According to this "spoon-feeding" concept, education is mainly about pouring knowledge into the brain, and applying what you have learned is mainly about pouring out what you have poured in. I dare say that this view of education is highly simplified and wrong. However, under the current education system (I am also involved), people start classes and then set up a three-hour ruminant written test to test the effect of classes. It is this way that nourishes the idea that education is stuffing ducks again and again.

In contrast, a large number of studies on brain working methods and learning methods in the past few decades show that systematic steps such as mastering knowledge and algorithms are only appearances of people's learning process (we know those are appearances because we usually forget what we have learned in class soon after the final exam). This is not the real value of education. Our brain is probably the best example of an adaptive system in the world. When we educate the brain for a long time, the brain will change permanently. Physiologically, a certain part of the conducting nerve fiber chain in the brain grows further and is strengthened. From the perspective of function and experience, we have gained new knowledge and skills. The more times the learning process is repeated, the stronger and longer the above changes will be.

Repetitive learning plays a very strong role in mathematics, which is incomparable to other disciplines. Formal mathematics has a history of about five thousand years. 5000 years is only a blink of an eye in the long evolutionary history, and of course it is only enough for our brains to make the slightest changes. Therefore, although Semu people put forward abstract numbers 5000-8000 years ago, human mathematical thinking began earlier. We developed our ability to think about nature and society in the initial natural selection, but the new changes in mathematical thinking that should be born in human brain will integrate our ability, so that we can not only think about the concrete world, but also deduce the purely abstract world created by our minds.

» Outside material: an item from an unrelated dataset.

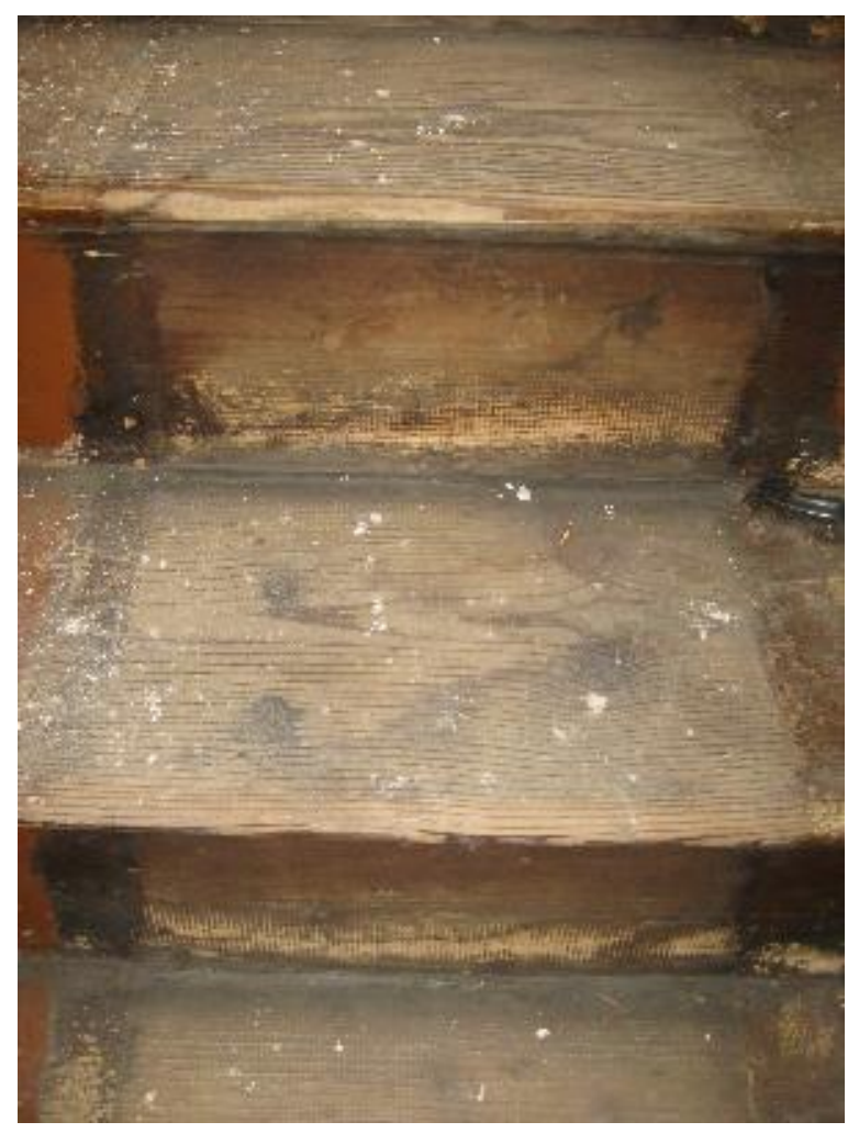
Detail of stair treads

It is extremely difficult for the human brain to deal with new levels of abstraction. This is why mathematicians can't handle zero and negative numbers freely until the18th century, and why many people can't accept that the cottage root of negative one is a real number until today.

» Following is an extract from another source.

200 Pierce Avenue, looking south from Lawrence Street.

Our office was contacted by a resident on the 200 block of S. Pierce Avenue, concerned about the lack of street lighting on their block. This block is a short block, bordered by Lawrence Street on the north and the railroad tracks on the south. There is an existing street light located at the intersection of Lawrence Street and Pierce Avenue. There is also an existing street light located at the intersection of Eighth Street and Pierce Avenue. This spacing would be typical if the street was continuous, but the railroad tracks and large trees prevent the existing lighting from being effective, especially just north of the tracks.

However, software engineering is related to abstraction, and every concept, viewpoint and method is completely abstract. Of course, many software engineers don't think so, but this just illustrates my point of view. The biggest benefit they get from math class is that they strictly deduce purely abstract objects and structures. Moreover, math class is the only subject that gives them this experience. This kind of experience lies not in the important things taught in class, but in its own mathematics. In daily life, familiarity breeds contempt, but when learning how to work in a highly abstract field, familiarity breeds a feeling, well, a feeling of familiarity-that is, what once made people feel abstract begins to become concrete, so it becomes easier to deal with.

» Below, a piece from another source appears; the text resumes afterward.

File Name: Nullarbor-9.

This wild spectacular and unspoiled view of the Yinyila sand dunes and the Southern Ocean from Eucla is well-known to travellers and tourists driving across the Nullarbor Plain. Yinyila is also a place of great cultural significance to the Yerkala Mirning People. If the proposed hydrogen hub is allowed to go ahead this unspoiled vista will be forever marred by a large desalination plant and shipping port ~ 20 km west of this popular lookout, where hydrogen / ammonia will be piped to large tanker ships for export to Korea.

Although learning mathematics brings more rewards to computer professionals than ordinary people, everyone in today's society can benefit from it. For example, a study conducted by the U.S. Department of Education in 1997 (The Reilly Report) shows that students who have taken strict algebra or geometry courses in high school perform better in further study, even better after further study, no matter what they study in university. In other words, it seems that completing a rigorous math class-students don't even have to study hard-is an excellent way to improve people's thinking ability and become smart. This kind of thinking ability can benefit people in all aspects.

(In my own book "Mathematical Genes: How Mathematical Thinking Evolves, Why Numbers Are Like Eight Diagrams" (Basic Books, 2000), I analyzed the viewpoints in this paper more carefully and determined which survival advantages enabled human beings to have the ability of mathematical thinking. )

As I pointed out in this article, learning mathematics is more beneficial to software engineers than others. Actually, this is a basic premise. Although it is not formally mentioned in the requirement of compulsory mathematics course for engineering students, it is indeed the real reason why mathematics is useful.